Not to mention the “your new password must be sixty characters long, contain uppercase and lowercase Cyrillic characters in thirty four Pantone colors, four special characters that cannot be in a sequence, repeat, or have been used in any work of Shakespeare, and at least twelve numeric characters that do not contain digits used in your address, date of birth, or be a number used in any formulas to convert metric measures to imperial”…

 

Who's letting you make easy passwords like that?

 

The IRS…

 

The bulk of what you do these days is already encrypted between your machine and the endpoint you're talking to. Look at this forum for example, it supports SSL, so as your ISP all that is seen is a connection between cust IP A and remote webserver B. They can't see what you're accessing on said webserver because the conversation is encrypted. Depending on your browser, they may not even be seeing the DNS requests to find out how to reach webserverB as many browsers are behind your back ignoring your DNS settings and redirecting them over HTTPS... Most other protocols now also support SSL or other encryption means by default between you and the endpoint. Your ISP can correlate an IP to a customer account, but once the traffic exits their network to the outside world, there isn't a quick and easy way for others to make that association, they can just note that it's from X ISP, region Y maybe.

(Angry IT eng noises... Chrome is about to be even worse, not just redirecting DNS but also transparently proxying your web browsing through third party gateways, and not making it blatantly obvious to Joe Enduser that it's doing so. Note, this happens if you're VPNing or not... I *HATE* this decision and will likely be enforcing blocking it via software and policy means at work.)
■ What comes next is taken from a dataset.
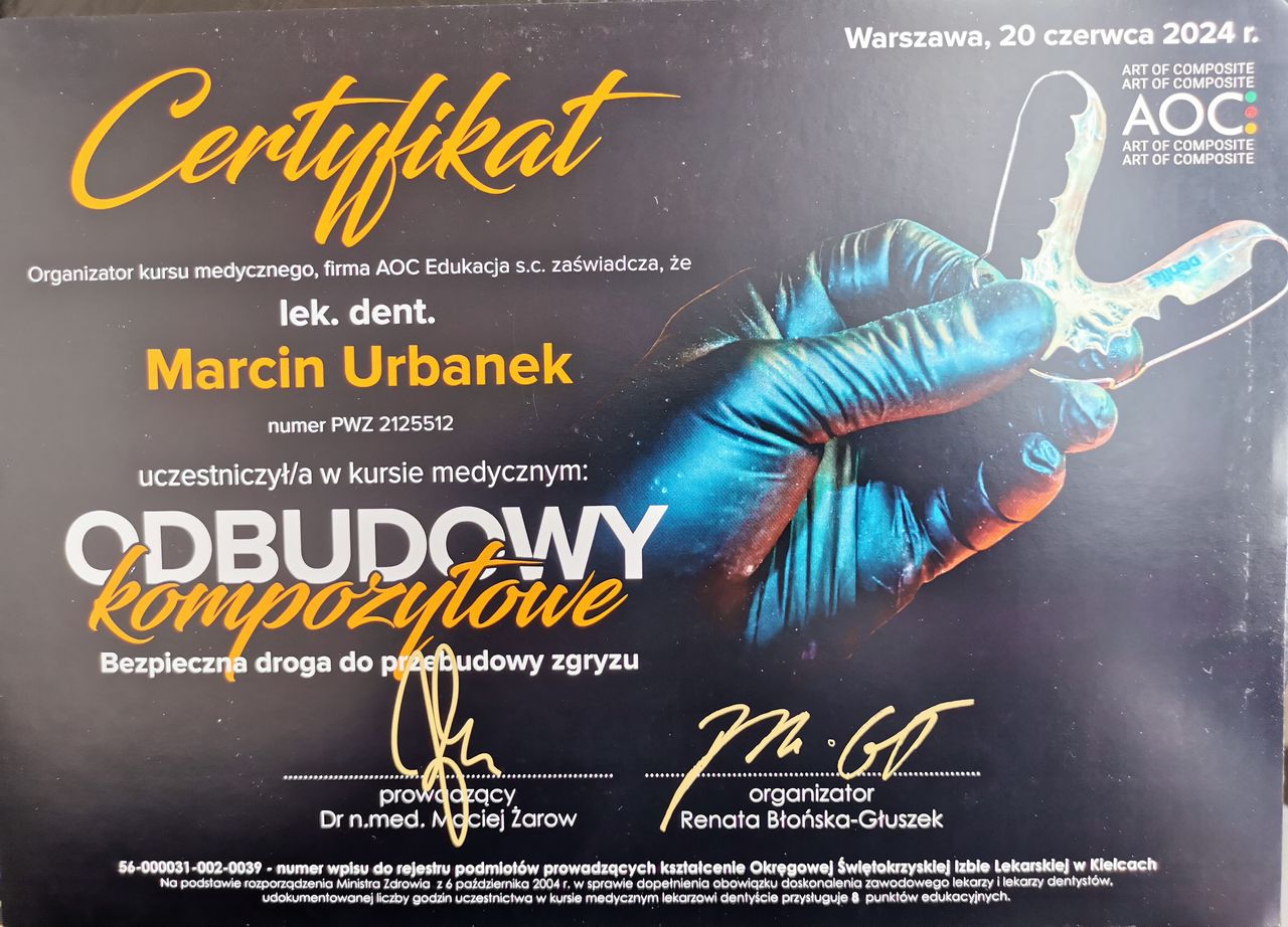 Jaki jest zakres porad oferowanych przez Marcin Urbanek?Marcin Urbanek to stomatolog. Na podstawie swojego doświadczenia i wykształcenia Marcin Urbanek oferuje usługi takie jak: Konsultacja stomatologiczna, Wypełnienie, korona cyrkonowa, konsultacja protetyczna, leczenie próchnicy, odbudowa zębów, protezy, stomatologia estetyczna, Stomatologia zachowawcza, wypełnienie kompozytowe.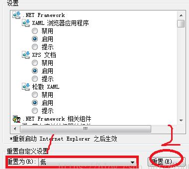 7、在安全设置页面内点击下方的重置自定义设置将级别设置为“中低”并点击“重置”后确定即可。

Now, where you're getting actually tracked from is within your browser, VPN or no. Between cookies and other browser identification technologies, the big advertising players (Google, Facebook, etc) can reliably tie a random browser hit to a specific identity pretty easily, no need to look at the IP or where on the internet you theoretically came from. As an ISP, we don't see that info, because again your browser traffic is already encrypted before it hits the wire. The legal system is just starting to wake up to this, multiple people in the industry have been screaming about it for years, some of the browser MFGs are starting to try and address it, though some (Google via Chrome) are more playing lipservice and coming up with bad 'fixes' that introduce other issues they can exploit and block out others... more angry IT eng noises...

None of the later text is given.